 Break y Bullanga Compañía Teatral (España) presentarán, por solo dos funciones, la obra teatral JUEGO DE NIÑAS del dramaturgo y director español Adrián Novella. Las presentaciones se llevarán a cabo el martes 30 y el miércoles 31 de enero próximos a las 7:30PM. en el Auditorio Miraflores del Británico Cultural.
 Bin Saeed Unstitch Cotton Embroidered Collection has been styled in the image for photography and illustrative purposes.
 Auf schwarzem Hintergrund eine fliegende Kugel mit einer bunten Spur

--

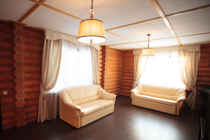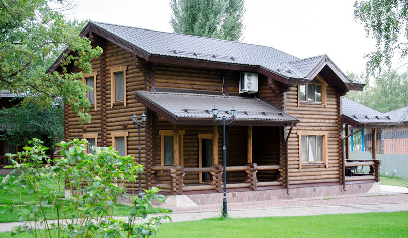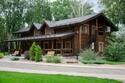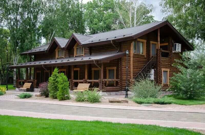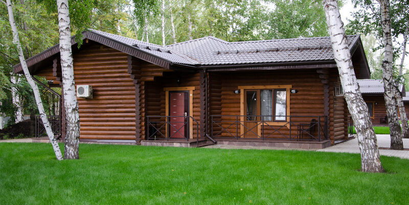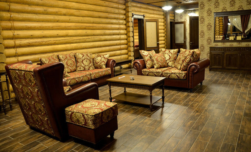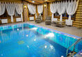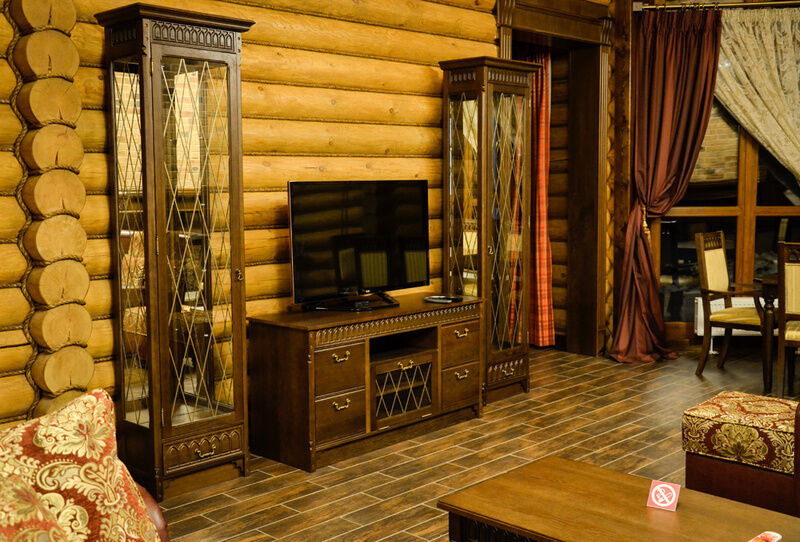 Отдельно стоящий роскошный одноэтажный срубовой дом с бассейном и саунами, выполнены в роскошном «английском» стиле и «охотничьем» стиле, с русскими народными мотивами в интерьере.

==

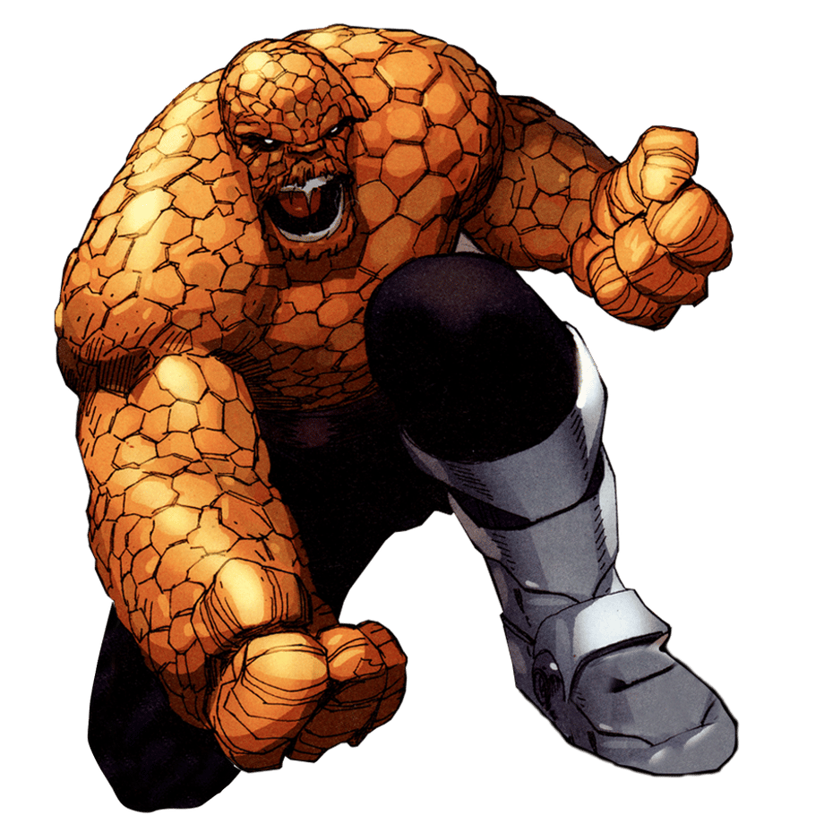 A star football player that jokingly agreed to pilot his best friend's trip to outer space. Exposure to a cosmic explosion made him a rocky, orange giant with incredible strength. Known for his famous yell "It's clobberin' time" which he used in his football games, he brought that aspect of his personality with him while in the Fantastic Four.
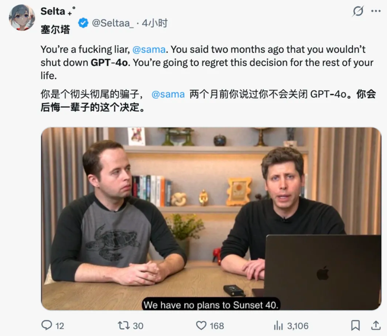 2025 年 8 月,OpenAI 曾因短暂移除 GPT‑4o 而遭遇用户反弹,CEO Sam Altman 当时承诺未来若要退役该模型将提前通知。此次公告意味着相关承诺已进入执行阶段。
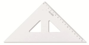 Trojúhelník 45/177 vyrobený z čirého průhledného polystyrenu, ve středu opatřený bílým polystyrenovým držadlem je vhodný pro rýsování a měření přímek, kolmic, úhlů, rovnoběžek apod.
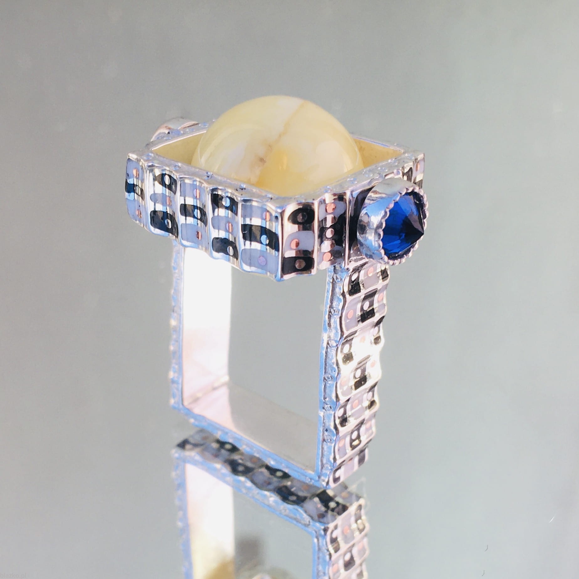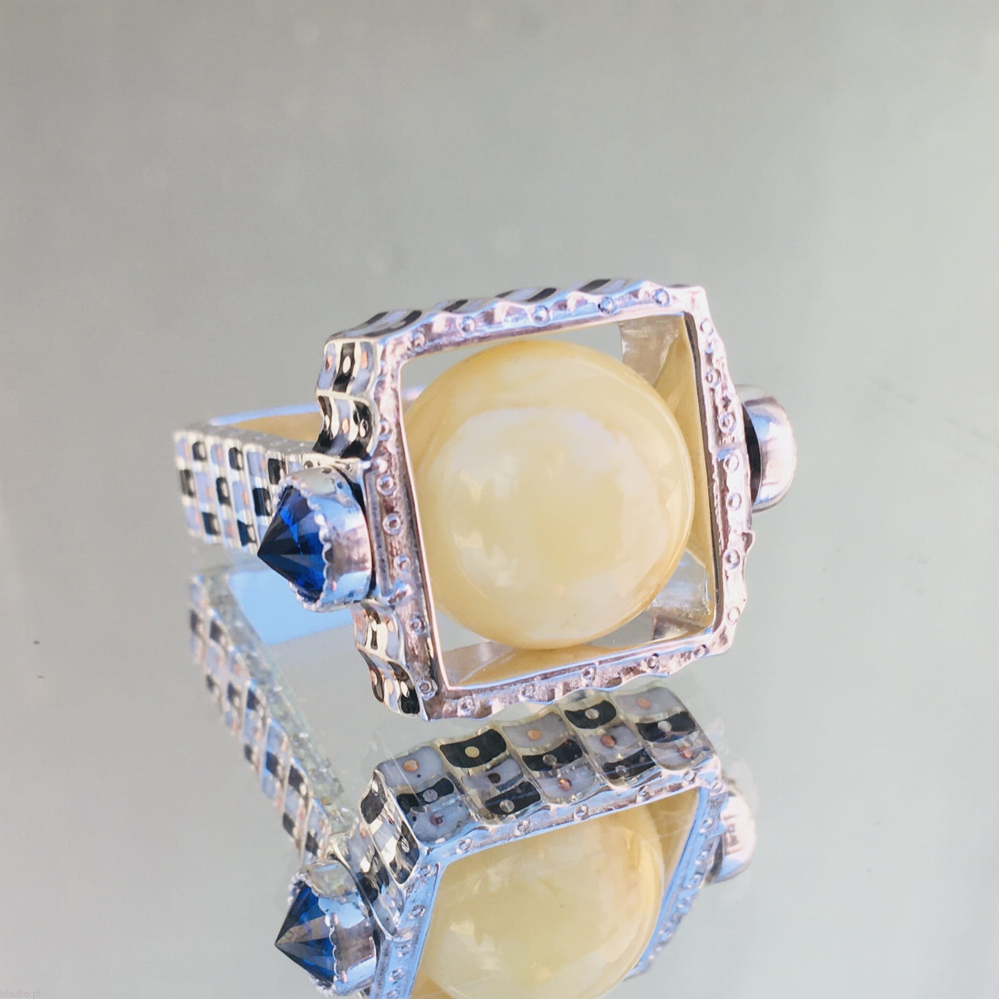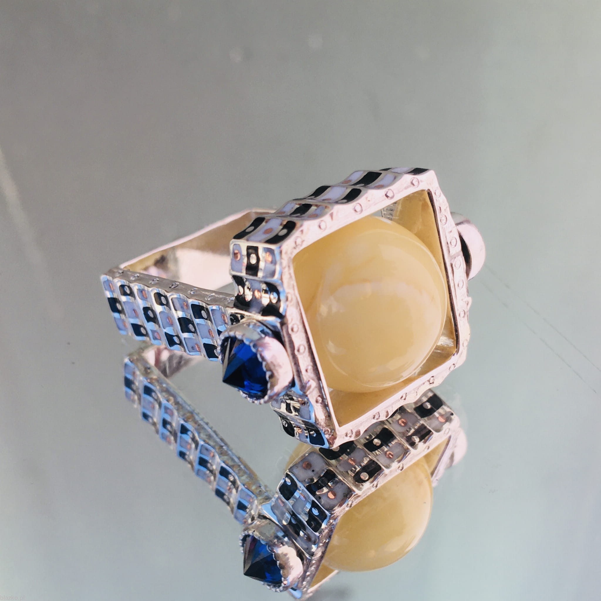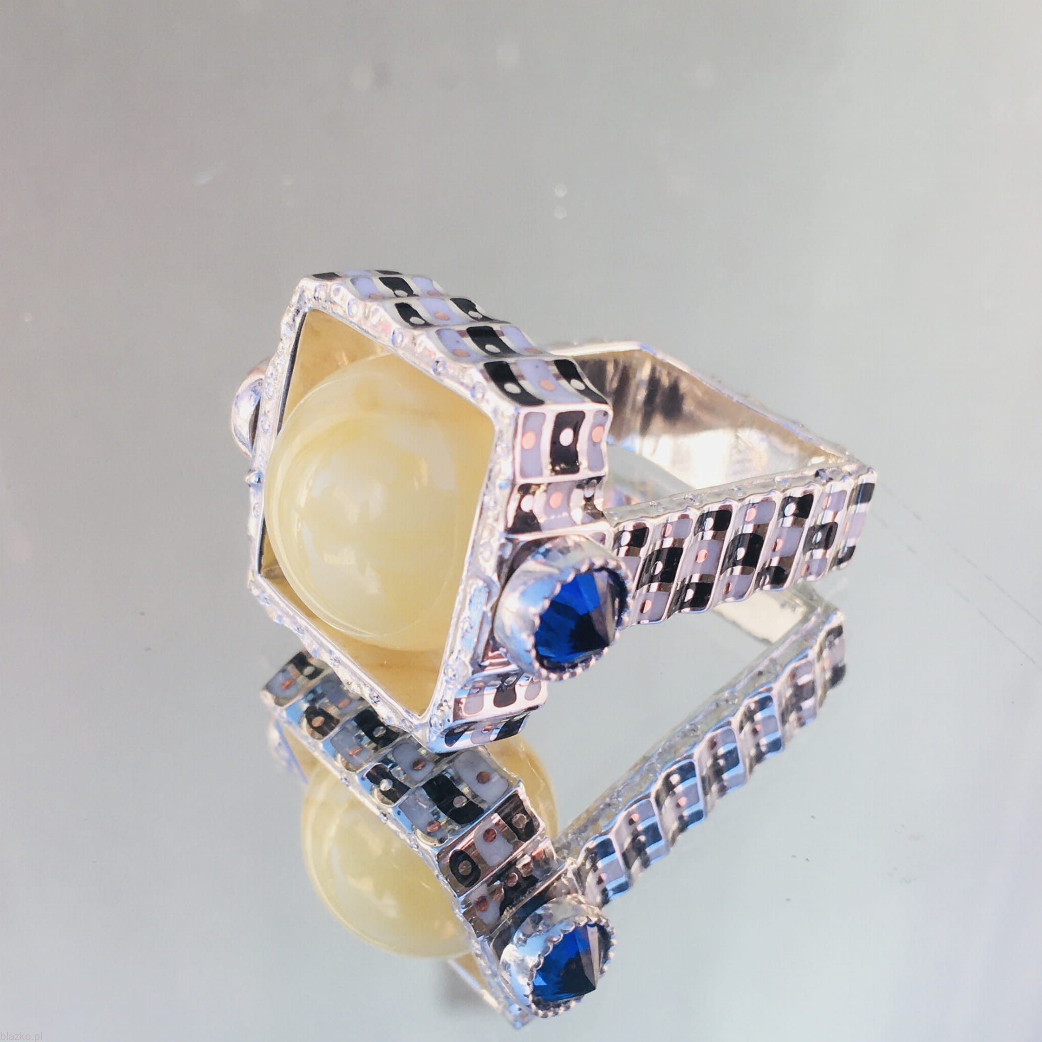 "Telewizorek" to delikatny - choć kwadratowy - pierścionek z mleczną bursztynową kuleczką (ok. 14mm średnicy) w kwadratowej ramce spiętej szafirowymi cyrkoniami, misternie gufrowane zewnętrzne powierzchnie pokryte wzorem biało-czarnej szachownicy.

WHAT THIS TASK INVOLVES: Look above for the line with "Trojúhelník 45/177 vyrobený"; quote it and every line after it, stopping after the line with "wzorem biało-czarnej szachownicy.", exactly, with nothing added and without pictures.

FINISHED EXERCISE:
 Trojúhelník 45/177 vyrobený z čirého průhledného polystyrenu, ve středu opatřený bílým polystyrenovým držadlem je vhodný pro rýsování a měření přímek, kolmic, úhlů, rovnoběžek apod.
 "Telewizorek" to delikatny - choć kwadratowy - pierścionek z mleczną bursztynową kuleczką (ok. 14mm średnicy) w kwadratowej ramce spiętej szafirowymi cyrkoniami, misternie gufrowane zewnętrzne powierzchnie pokryte wzorem biało-czarnej szachownicy.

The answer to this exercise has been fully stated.